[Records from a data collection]
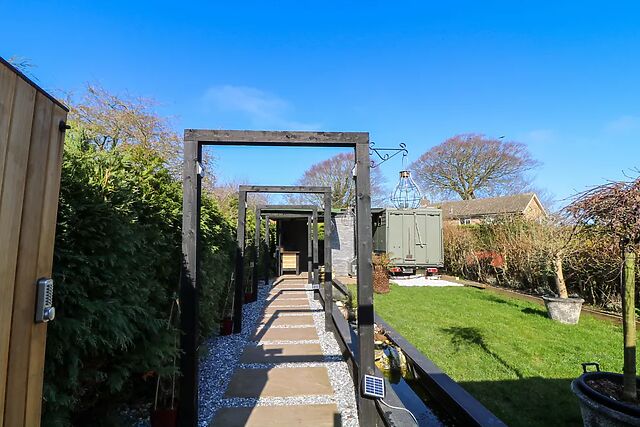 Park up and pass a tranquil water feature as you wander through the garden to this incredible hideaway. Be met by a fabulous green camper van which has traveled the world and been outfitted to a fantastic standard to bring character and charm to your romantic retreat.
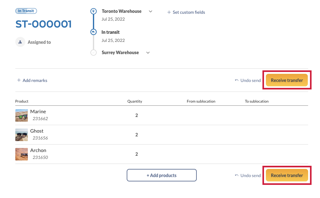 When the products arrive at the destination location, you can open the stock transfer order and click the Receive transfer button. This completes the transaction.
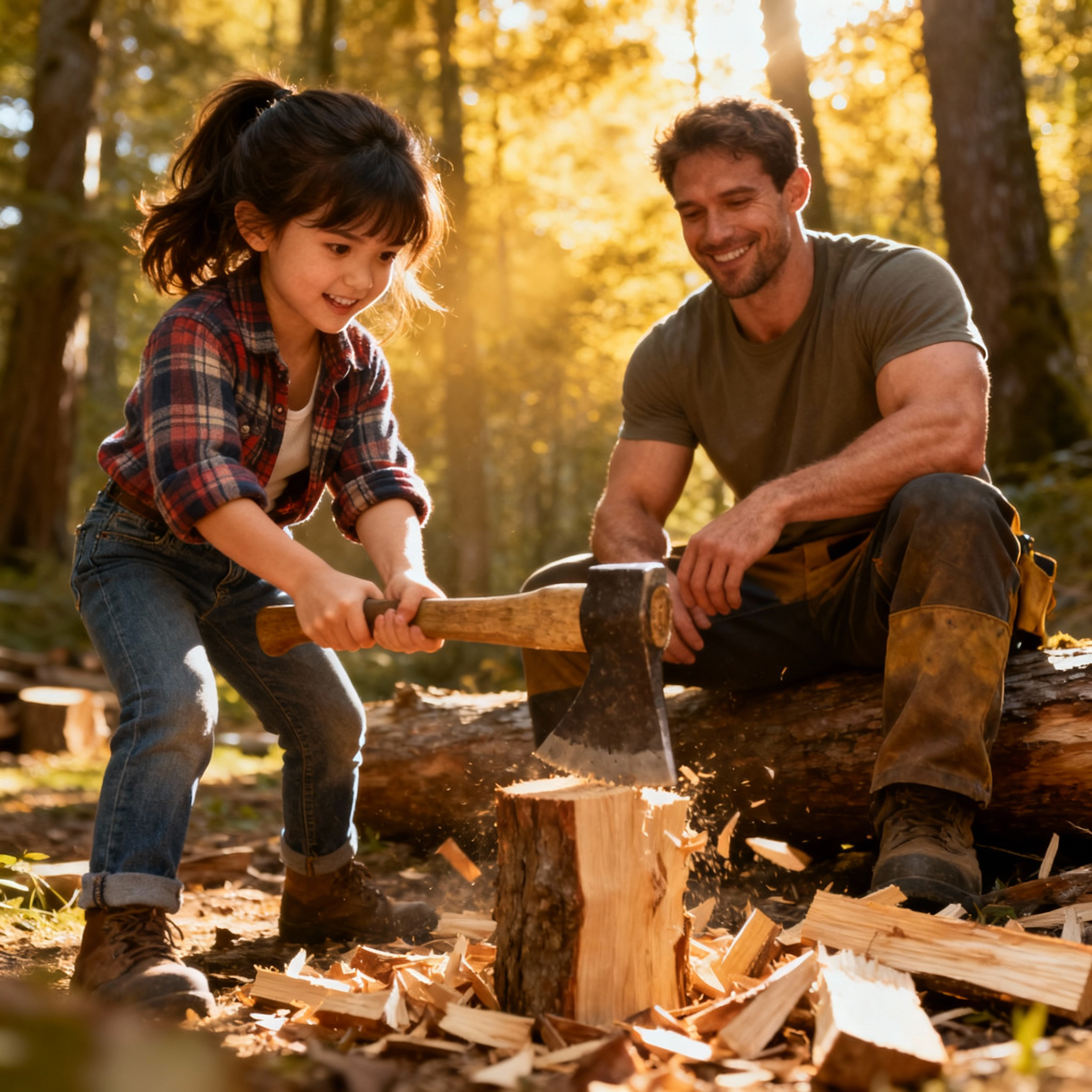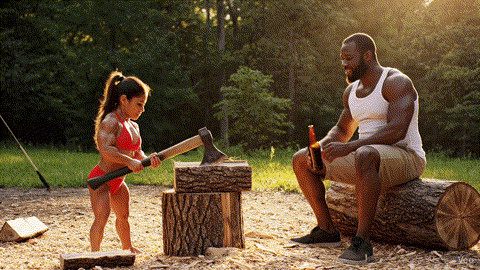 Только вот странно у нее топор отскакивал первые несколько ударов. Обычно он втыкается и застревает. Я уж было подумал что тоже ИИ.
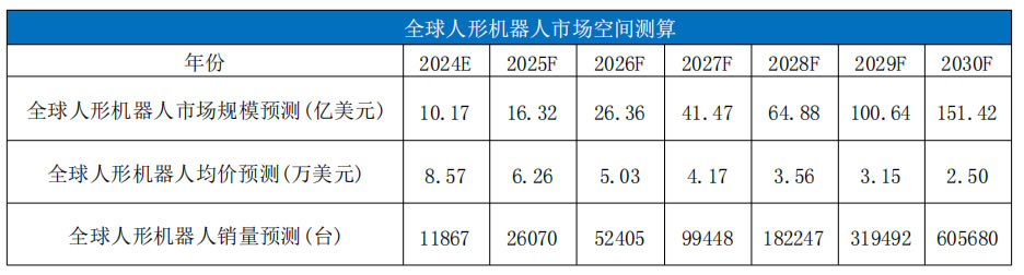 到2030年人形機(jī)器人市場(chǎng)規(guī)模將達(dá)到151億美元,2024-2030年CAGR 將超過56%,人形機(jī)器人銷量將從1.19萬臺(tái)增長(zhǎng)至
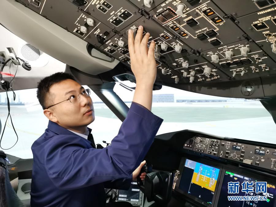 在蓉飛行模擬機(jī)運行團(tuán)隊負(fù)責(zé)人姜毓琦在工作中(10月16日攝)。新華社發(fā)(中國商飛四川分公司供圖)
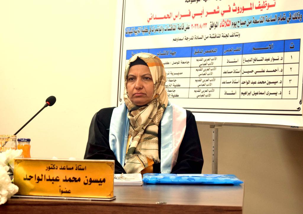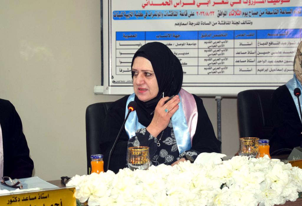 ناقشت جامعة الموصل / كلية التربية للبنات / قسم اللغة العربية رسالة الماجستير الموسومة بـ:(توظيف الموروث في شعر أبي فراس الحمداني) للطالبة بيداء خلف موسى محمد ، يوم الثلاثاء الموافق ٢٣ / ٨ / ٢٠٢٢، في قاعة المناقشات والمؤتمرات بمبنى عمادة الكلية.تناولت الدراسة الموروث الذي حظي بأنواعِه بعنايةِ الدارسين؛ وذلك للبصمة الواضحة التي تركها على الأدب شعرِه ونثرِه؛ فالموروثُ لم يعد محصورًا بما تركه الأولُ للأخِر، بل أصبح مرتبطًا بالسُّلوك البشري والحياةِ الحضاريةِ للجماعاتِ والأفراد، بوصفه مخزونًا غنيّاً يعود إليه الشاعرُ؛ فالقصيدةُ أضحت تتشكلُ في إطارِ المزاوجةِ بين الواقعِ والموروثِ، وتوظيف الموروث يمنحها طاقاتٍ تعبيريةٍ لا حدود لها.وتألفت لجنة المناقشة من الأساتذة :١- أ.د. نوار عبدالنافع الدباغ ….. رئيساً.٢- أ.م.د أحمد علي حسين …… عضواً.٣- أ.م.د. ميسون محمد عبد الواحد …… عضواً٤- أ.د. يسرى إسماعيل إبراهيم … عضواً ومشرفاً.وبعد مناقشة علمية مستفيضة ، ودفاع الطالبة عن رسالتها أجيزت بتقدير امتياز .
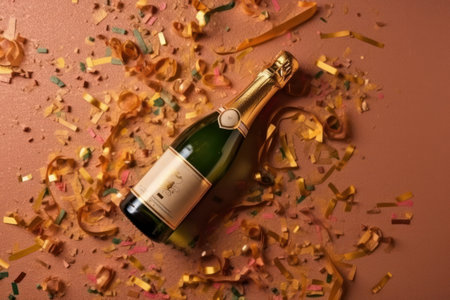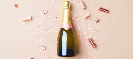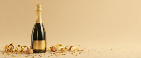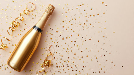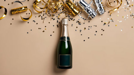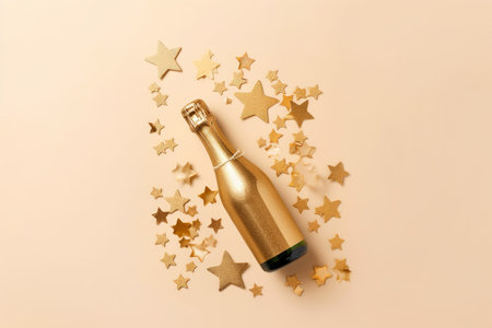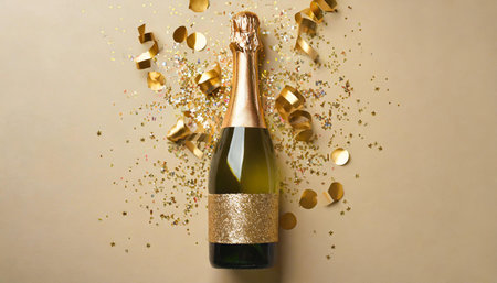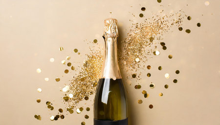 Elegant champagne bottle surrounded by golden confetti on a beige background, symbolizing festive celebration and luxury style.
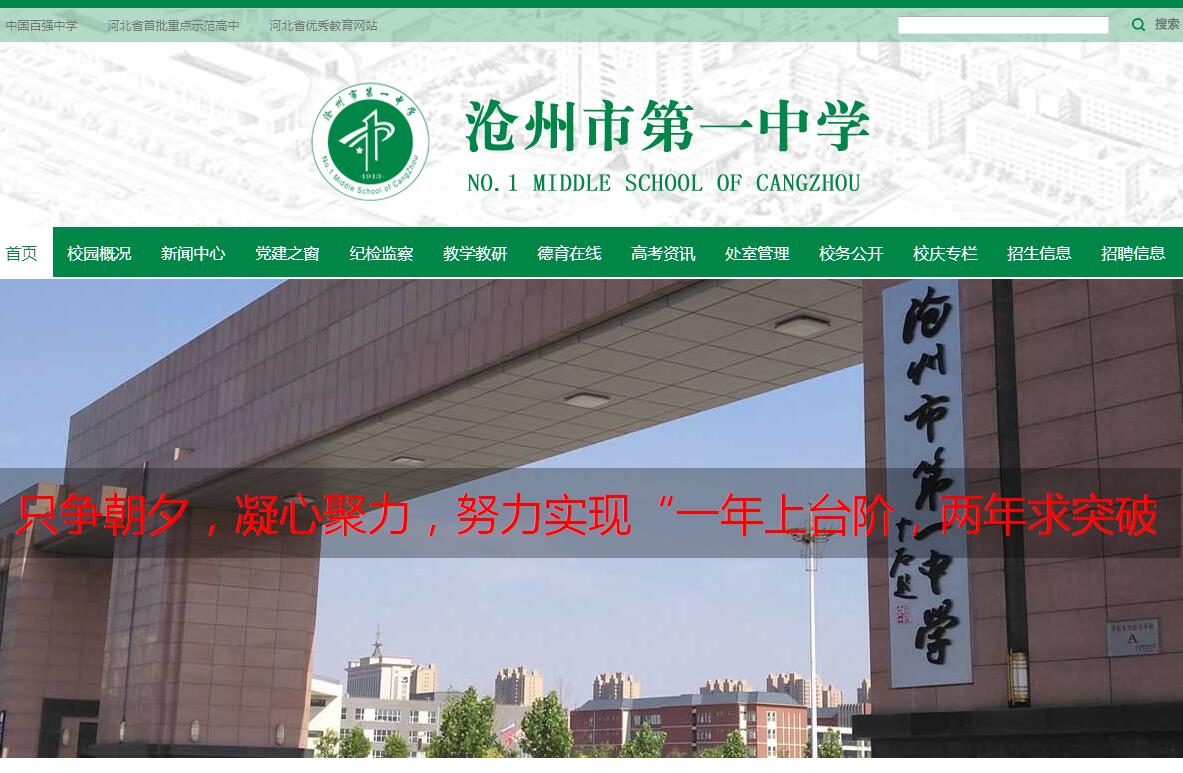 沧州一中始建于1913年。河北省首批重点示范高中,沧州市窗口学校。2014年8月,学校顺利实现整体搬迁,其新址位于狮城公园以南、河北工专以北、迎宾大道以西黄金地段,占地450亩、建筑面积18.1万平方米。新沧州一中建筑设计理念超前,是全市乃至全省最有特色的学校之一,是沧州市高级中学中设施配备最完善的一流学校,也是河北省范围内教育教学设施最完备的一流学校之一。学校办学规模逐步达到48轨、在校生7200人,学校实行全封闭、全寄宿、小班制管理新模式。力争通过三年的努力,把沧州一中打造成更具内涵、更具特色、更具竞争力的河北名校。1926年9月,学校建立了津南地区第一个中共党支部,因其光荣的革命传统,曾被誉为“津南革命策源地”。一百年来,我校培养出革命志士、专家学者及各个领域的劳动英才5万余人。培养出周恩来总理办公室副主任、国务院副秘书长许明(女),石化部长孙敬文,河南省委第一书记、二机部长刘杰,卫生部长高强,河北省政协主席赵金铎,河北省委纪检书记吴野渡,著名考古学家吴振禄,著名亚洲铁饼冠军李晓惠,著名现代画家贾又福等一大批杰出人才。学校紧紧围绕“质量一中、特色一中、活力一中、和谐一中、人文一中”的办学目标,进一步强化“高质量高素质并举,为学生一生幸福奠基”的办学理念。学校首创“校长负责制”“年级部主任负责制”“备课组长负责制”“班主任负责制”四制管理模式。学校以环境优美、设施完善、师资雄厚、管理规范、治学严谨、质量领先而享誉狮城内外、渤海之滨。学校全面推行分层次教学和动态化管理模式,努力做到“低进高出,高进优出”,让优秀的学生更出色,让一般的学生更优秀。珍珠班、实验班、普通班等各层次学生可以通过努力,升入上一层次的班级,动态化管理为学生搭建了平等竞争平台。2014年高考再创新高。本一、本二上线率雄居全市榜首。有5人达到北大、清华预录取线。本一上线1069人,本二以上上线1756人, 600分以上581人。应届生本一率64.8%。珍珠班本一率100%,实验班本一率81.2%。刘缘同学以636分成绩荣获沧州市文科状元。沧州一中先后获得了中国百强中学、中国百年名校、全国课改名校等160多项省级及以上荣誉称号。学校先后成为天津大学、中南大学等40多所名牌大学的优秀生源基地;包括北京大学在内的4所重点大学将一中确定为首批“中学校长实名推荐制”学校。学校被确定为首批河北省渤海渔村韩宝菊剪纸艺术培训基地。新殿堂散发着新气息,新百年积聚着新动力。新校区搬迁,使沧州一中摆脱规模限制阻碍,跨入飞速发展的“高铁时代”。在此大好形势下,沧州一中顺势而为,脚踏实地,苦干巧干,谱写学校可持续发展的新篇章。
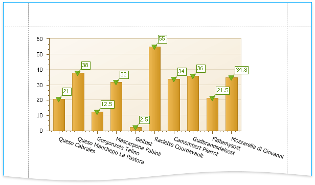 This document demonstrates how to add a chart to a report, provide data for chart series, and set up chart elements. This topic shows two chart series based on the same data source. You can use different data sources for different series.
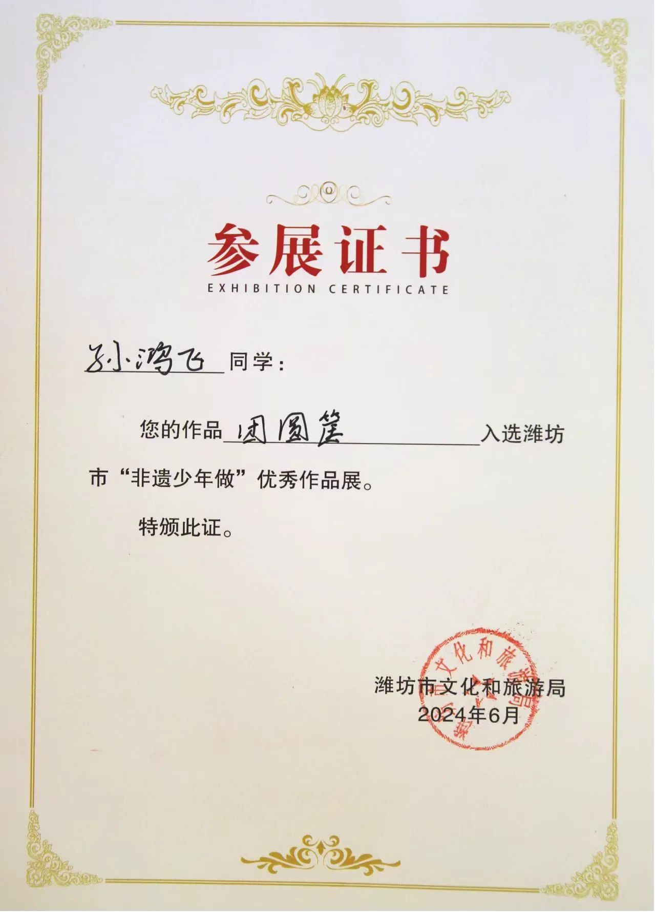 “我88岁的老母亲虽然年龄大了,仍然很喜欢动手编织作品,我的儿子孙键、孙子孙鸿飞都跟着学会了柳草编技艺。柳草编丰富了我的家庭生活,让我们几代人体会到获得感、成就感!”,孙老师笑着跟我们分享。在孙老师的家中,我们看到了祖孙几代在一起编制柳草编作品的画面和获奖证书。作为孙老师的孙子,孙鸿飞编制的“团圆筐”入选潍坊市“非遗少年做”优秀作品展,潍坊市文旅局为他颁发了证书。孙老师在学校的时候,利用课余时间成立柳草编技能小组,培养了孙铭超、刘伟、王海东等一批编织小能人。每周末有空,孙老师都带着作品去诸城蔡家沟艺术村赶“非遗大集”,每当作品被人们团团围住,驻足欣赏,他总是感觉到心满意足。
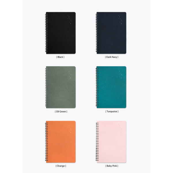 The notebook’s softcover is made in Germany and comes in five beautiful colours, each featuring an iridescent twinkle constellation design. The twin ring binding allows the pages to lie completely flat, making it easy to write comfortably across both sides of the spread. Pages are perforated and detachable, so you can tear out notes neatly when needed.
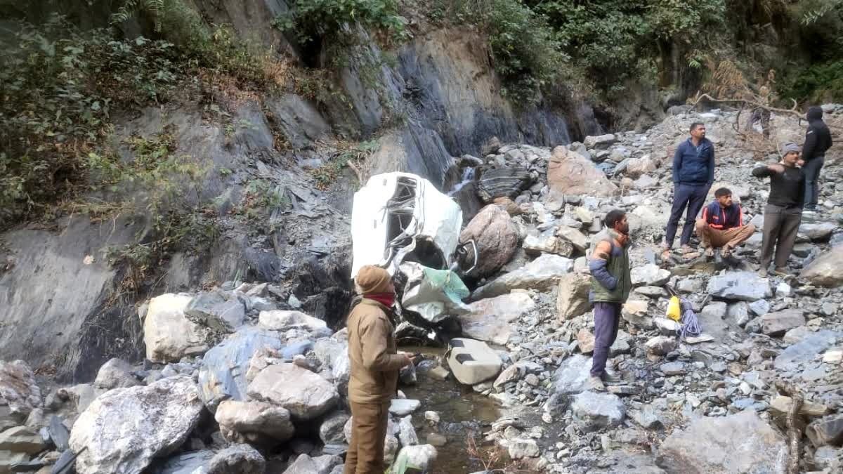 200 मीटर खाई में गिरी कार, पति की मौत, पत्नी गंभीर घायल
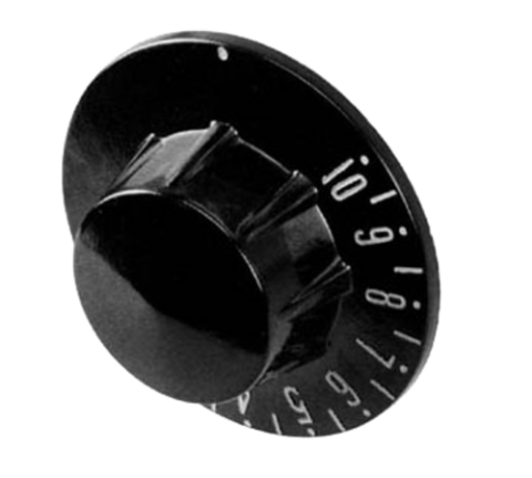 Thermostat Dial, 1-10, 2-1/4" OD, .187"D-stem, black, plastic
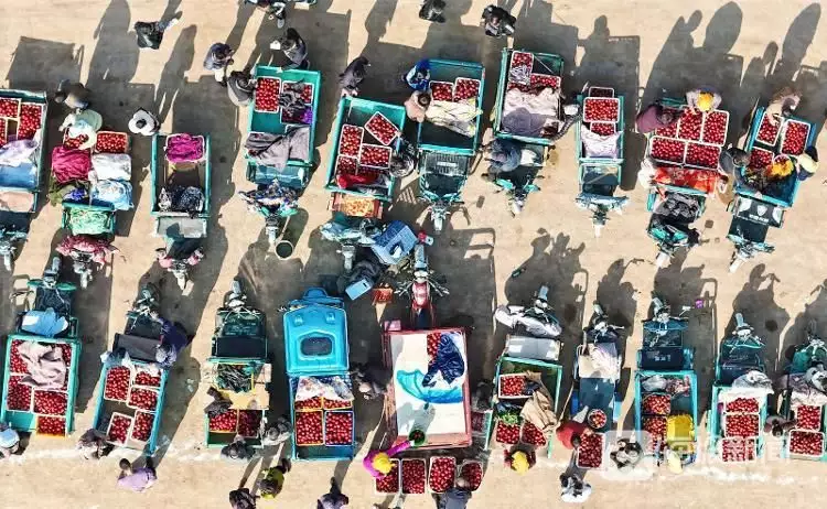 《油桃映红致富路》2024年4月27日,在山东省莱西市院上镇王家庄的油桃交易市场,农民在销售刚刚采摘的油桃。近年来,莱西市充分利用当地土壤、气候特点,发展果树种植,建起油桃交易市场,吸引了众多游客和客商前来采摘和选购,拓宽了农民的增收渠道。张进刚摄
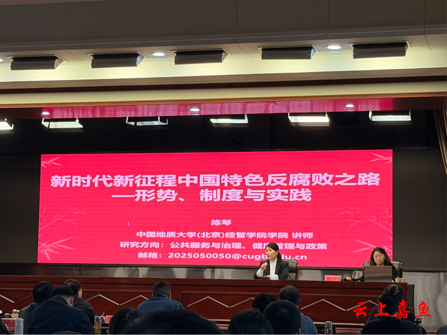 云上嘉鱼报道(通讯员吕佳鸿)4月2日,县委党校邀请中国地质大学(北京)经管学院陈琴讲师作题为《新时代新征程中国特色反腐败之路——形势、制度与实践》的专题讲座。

● **Exercise**
Both the first line of the records above and the line containing "在蓉飛行模擬機(jī)運行團" belong in the copy; please return them and every line between, exactly, minus the pictures.

● **Answer section**
 Park up and pass a tranquil water feature as you wander through the garden to this incredible hideaway. Be met by a fabulous green camper van which has traveled the world and been outfitted to a fantastic standard to bring character and charm to your romantic retreat.
 When the products arrive at the destination location, you can open the stock transfer order and click the Receive transfer button. This completes the transaction.
 Только вот странно у нее топор отскакивал первые несколько ударов. Обычно он втыкается и застревает. Я уж было подумал что тоже ИИ.
 到2030年人形機(jī)器人市場(chǎng)規(guī)模將達(dá)到151億美元,2024-2030年CAGR 將超過56%,人形機(jī)器人銷量將從1.19萬臺(tái)增長(zhǎng)至
 在蓉飛行模擬機(jī)運行團(tuán)隊負(fù)責(zé)人姜毓琦在工作中(10月16日攝)。新華社發(fā)(中國商飛四川分公司供圖)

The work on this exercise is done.